Overview

For this project, we chose a visualization on notable Leap Day (February 29) births and deaths, sourced from Wikipedia. The project consists of three parts:

  1. Replication: Reproducing the original graph as closely as possible using ggplot2.
  2. Redesign: Applying principles of data visualization to improve clarity, aesthetics, and accessibility.
  3. Written Summary: Evaluating the original graph and explaining the rationale behind our design choices.

Original Graph

The original graph depicts notable Leap Day births (blue bars above the x-axis) and deaths (red bars below the x-axis) spanning from the 400s CE to the present.

Key Issues Identified:

  • Overcrowded Labels: Recent centuries are cluttered with overlapping labels.
  • Ambiguous Scale: No clear y-axis or gridlines for reference.
  • Distracting Typography: Oversized, bold headings detract from the focus on data.
  • Irrelevant Elements: Side notes unrelated to the plot clutter the visual.
  • Small Key Text: Totals for “births” and “deaths” are difficult to read.

Changes Made

In our first attempt at redesigning the original plot, we created a visualization that combined a scatter plot and a line chart. The scatter points were displayed in two colors (red and cyan) to represent different datasets or categories, while a blue line was added to suggest a potential trend or model fit. However, this version faced significant readability challenges.

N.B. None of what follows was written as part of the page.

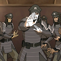 Read more about Metalbending Police Force at: Wikipedia Official Site: Nickelodeon The Legend of Korra is an American animated television series that premiered on the Nickelodeon television network on April 14, 2012. It was created by Michael Dante DiMartino and Bryan Konietzko as a sequel to their previous show, Avatar: The Last Airbender, which aired on the same network from 2005 to 2008. Like its predecessor, the series is set in a fictional world where some people are able to "bend"—manipulate the elements of water, earth, fire, or air. Only one person, the "Avatar," can manipulate all four elements, and he or she is responsible for maintaining the balance in the world. The series follows Korra, the current incarnation of the Avatar, as she travels to the metropolis of Republic City to learn airbending and face an anti-bender revolutionary group called the "Equalists." The series, whose style is strongly influenced by Japanese animation, It was initially conceived as a miniseries of 12 episodes, The creators separated each season into two "books," each of which tells a separate story. Several producers and voice actors from the previous series, including designer Joaquim Dos Santos and composer Jeremy Zuckerman, returned to work on The Legend of Korra. The Legend of Korra was initially conceived as a 12-episode miniseries. Nickelodeon later expanded it to a full 26-episode season, and in July 2012 again to two 26-episode seasons. While Nickelodeon divides the series in two seasons for administrative purposes, the creators conceive of it as consisting of four separate "books" composed of 12 to 14 episodes ("chapters"), with each book telling a stand-alone story. The Legend of Korra is intended to conclude with the fourth book. The Legend of Korra is set in the fictional world of Avatar: The Last Airbender. The world is separated into four nations: the (Northern and Southern) Water Tribes, the Air Nomads, the Earth Kingdom and the Fire Nation. The focus of the series is "bending," the ability of some humans (and animals) to telekinetically manipulate the element associated with their nation (water, earth, fire or air). Bending is carried out using spiritual and physical exercises, which are portrayed in the series as similar to Chinese and other Asian martial arts. No match records for this character. No match records for this character. |

One of the key issues was the use of time as the x-axis. The timeline spanned a broad range but lacked clear labels, making it difficult to follow the progression of data over time. Additionally, the scatter points overlapped heavily in certain areas, which further obscured individual data values. The varying point sizes added unnecessary complexity without a clear explanation of their purpose.

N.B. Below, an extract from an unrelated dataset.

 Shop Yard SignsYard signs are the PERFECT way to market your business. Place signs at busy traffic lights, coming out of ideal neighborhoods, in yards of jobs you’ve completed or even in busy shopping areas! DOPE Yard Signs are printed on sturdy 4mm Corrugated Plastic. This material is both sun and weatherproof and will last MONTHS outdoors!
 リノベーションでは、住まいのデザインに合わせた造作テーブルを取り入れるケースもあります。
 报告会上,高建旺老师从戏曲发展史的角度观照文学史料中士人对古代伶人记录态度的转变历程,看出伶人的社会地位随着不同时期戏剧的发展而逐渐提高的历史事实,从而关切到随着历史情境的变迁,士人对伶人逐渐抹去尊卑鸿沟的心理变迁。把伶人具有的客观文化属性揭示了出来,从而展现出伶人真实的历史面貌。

The inclusion of the blue line also created confusion, as it was neither labeled nor described, leaving its role in the plot ambiguous. Furthermore, the axes lacked proper labels, and the legend provided minimal information, failing to adequately explain the categories or variables represented.

These issues, coupled with the visual clutter caused by overlapping points and the combination of two plot types, made the graph difficult to interpret. As a result, this initial redesign did not effectively communicate the data or its insights.

Final Refined Plot

The final refined plot addresses the shortcomings of previous attempts by thoughtfully applying multiple layers of the grammar of graphics. The data layer is focused on Leap Day births and deaths from the 20th and 21st centuries, with a clear acknowledgment of the bias toward recent data.

The plot’s aesthetics incorporate distinct colors and a clean half-violin-half-dotplot design. This approach effectively displays both the distribution density and individual data points, eliminating visual clutter. Geometrically, births and deaths are separated into mirrored panels, ensuring clarity and facilitating easy comparisons.

Additionally, the minimalist theme, clear annotations, and a linear time scale significantly enhance readability. These design choices make the visualization accessible, visually appealing, and faithful to the underlying data, successfully addressing the issues of previous versions.